About an hour before I started writing this column, in fact, I mentioned the still developing Blatche case to someone and their first reaction was to say that they didn’t believe it. Only when I mentioned the police statements and the evidence collected at the scene were they open to the idea that this whole thing might have actually happened.
That said, however, as the possible perpetrators of this crime I doubt that Blatche’s friends will get the celebrity adjacent benefit of the doubt. Our contempt for the regular people who do these awful things is pretty cut and dry.
But what of Blatche and his acknowledgement regarding his just being “n the area when it happened”?
His words are rife with detachment from the gravity of the situation.
Back in December of last year news broke of a celebratory night in Steubenville, Ohio that turned criminal as well.
The crime was chronicled by some party goers who began passing around photos and videos via Twitter posts that indicated that they too had just been in the area when two members of the famed Steubenville High football team-Ma’lik Richmond and Trent Mays- had been involved in the sexual assault of an unconscious, teenage girl.
The girl had come from the nearby town of Weirton, W.Va to celebrate the impending start to another, presumed, successful season for the Big Red football team and attended a series of parties where she consumed too much of the alcohol that shouldn’t have been present.  
The accused boys have maintained their innocence with regards to their charges of rape and kidnapping.
This story on nytimes.com provides the chilling details of that evening as well as a delineation of how this case has divided the small town.
In short, Side A thinks the players are the victims and that this is simply a case of a young girl using these accusations to avoid taking responsibility for her poor decision making that evening. Side B thinks the Side A folks are again exalting the Big Red players to “protected status” and they’re sick of it. They want to see justice done here.
But it is the despicable words of a former Steubenville baseball player offered on Twitter, who was also featured in a YouTube video talking about the alleged rape that seemed to, months in advance, most succinctly summarize the answers to the questions and concerns I raise in this column.

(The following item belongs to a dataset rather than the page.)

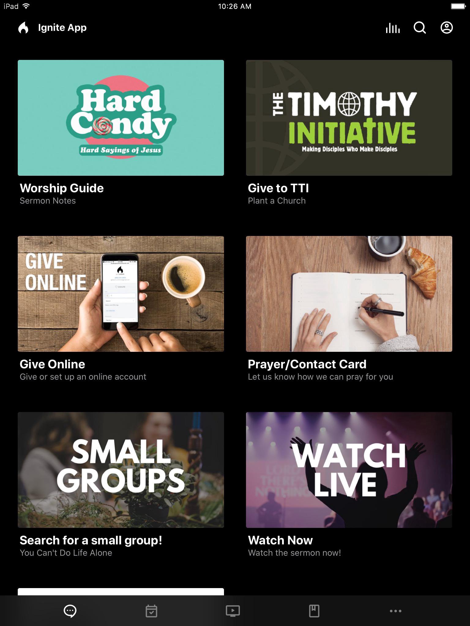 Welcome to the official Ignite Church App. Watch Sermons and Worship Sets, Go to Church Online, Give Online, and More! Share with your friends through Twitter, Facebook, or email. For more info about Ignite Church, please visit http://www.ignitechurch.com/ The Ignite Church App was developed with the Subsplash App Platform.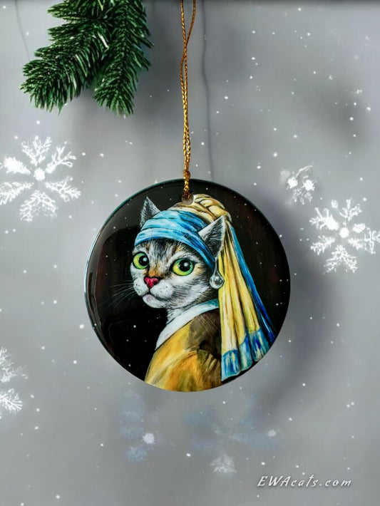 ORNAMENT Porcelain 3"x 3" Round "Cat With a Pearl Earring"

“Some people deserve to be peed on,” he said.
His quote apparently inspired by the reports that the 16-year old victim in this case had been urinated on as well.
And it captures the nitty gritty of our partiality to so easily detach, to be unmoved by this type assault.
In the absence of a rooting interest in the well being of a loved one in a case like this, we have little compassion for a person who’s misfortune we can categorize as a consequence of a decision they made that we believe we’re too good to make, a behavior which we wouldn’t be caught dead exhibiting or a hard luck lot in life that requires them to take whatever cruelty the world decides to dole out.
So the Weirton teen in the Steubenville case deserved what she got because she couldn’t handle her liquor.
Groupies deserved to be used and abused because well, they’re groupies.
And Blatche and his friends likely thought very little of their alleged crime that night. After all, the victim was a stripper who agreed to accompany them back to their hotel in the early morning hours. She must have been down for whatever, right?
And like the teens in Steubenville, Blatche was apparently more than willing to capture the epic night in pictures for posterity’s sake.
He may ultimately receive a pass in both the court of law and the court of public opinion. His photos may amount to nothing more than a slap on the wrist and by the time this matter is settled, sports fan will probably be many big stories removed from this one.
In the Steubenville rape case, the city’s Police Chief William McCafferty said of the people who were around but chose not to intervene, “If you could charge people for not being decent human beings, a lot of people could have been charged that night.”
If the facts proposed so far turn out to be true, his strong words may prove fitting for Andray Blatche as well.